Perhaps my best bit of imaginative music criticism--

Between Sea and Sky is like Citizen Kane.

Between Sea and Sky opens with a wisp of a tune--four notes rising stepwise. 100% pre-1918.

The opening gets the tune under our skin but also starts to turn it upside down. The heart of the piece is descending music, almost unbearably sad. A gnostic wasteland of descent.

I can get lost in the sad descending music, but listening carefully, phrase by phrase, I understand each gesture.Surprisingly the composer finds something in those depths, in those desperately sad descending, expiring lines.

The return of the modestly rising opening tune is the Citizen Kane moment translated into David Loeb's musical vocabulary.

Orson Wells responds to Jorge Luis Borges' review

"We all know that a party, a palace, a great undertaking, a lunch for writers and journalists, an atmosphere of cordial and spontaneous camaraderie, are essentially horrendous." (Borges review of Citizen Kane"

I think:

Likewise, a century of wars and revolutions-musical and political revolutions. Loeb didn't join any of the 20th C. musical revolutions, but he acquire the appetite for harmonic labyrinths. He recentered that on pre-1918, but even more pre-Renaissance and Asian musical idioms. A syncretist's syncretist.

When we embrace integration to this degree, revolutions the merest blip.
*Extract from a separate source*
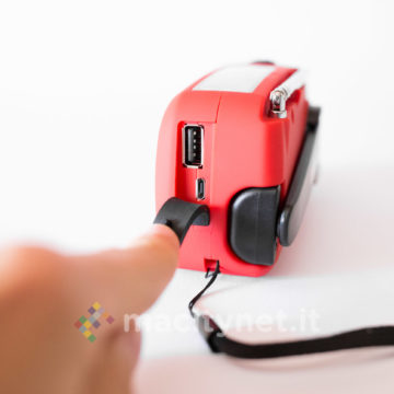 “Con il proprio sudore” – Se il cielo è nuvoloso oppure è notte inoltrata e non c’è una presa nei paraggi, ci si può affidare alla dinamo. E’ sufficiente estrarre la manopola e ruotarla per qualche minuto per raccogliere energia sufficiente per ascoltare circa 10 minuti di radio. In numeri, 130 giri in un minuto equivalgono anche a pressapoco 3 minuti di luce continua con la torcia.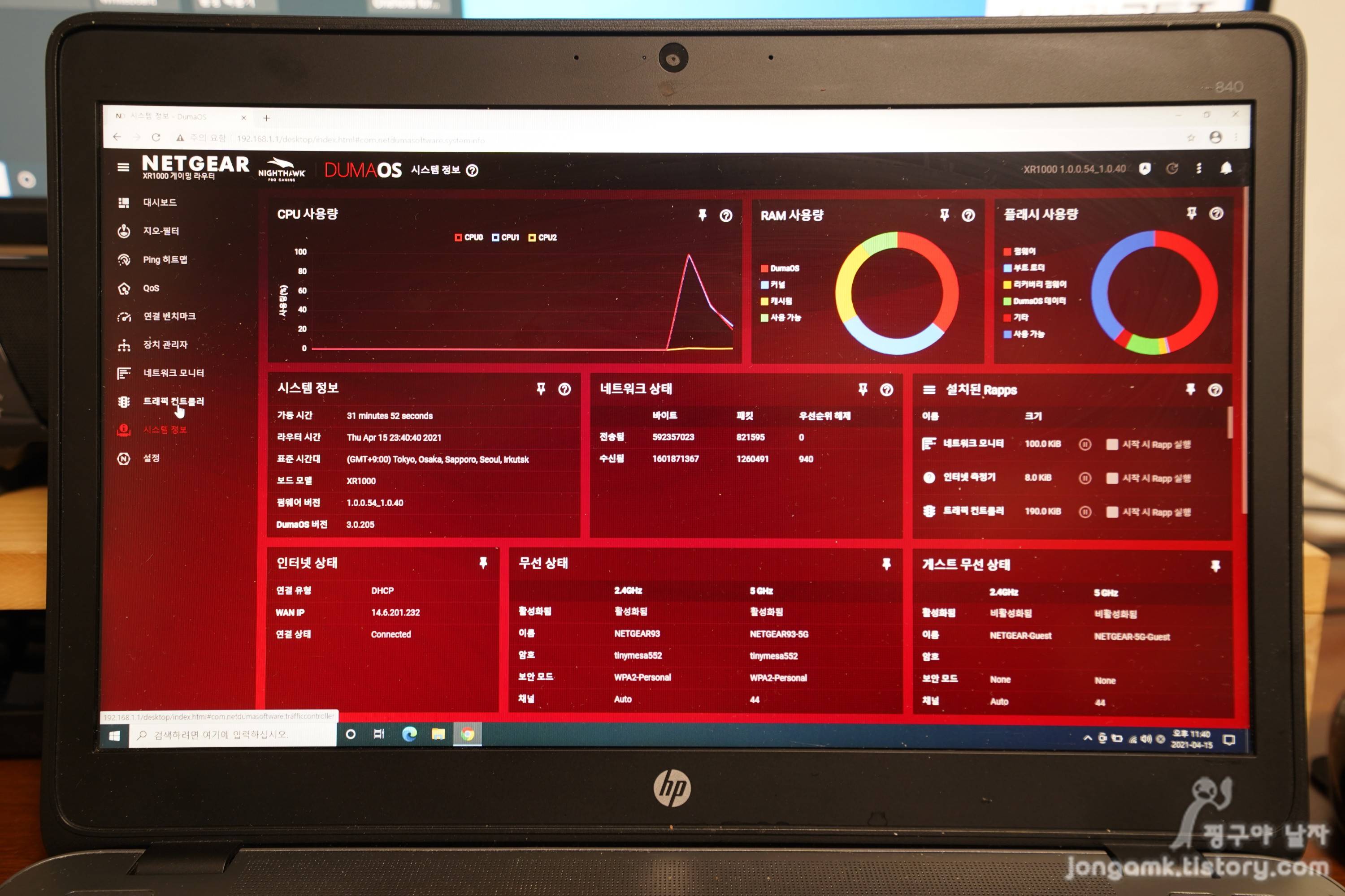 일반 공유기를 사용했을 때와 눈에 보일 정도로 차이는 바로 느껴지지는 못했지만 기존과는 느낌적 느낌의 차이가 있다고 표현하면 애매할까요. ㅋㅋ

Srdjan Berdovic, Carlo Valte, Mariano Aguirre, guitars

David Loeb Website

from Loeb's website--

Although David Loeb began composing at the age of six, he destroyed everything he had written prior to beginning his studies at Mannes (not to mention some things written much later). Nevertheless the works written since then now number well over one thousand, and he continues to produce new compositions in diverse media frequently. Moving back and forth between residences in New York and Kyoto and often making shorter trips from both places actually increases his output rather than slowing it down. Changes of climate, cuisine, culture, language, art, and above all music seem to provide considerable stimulation for creativity.

Loeb created his unique international style. Each instrument is a mask. When he writes for guitar, the mask is part biwa and shamisen, part Renaissance lute.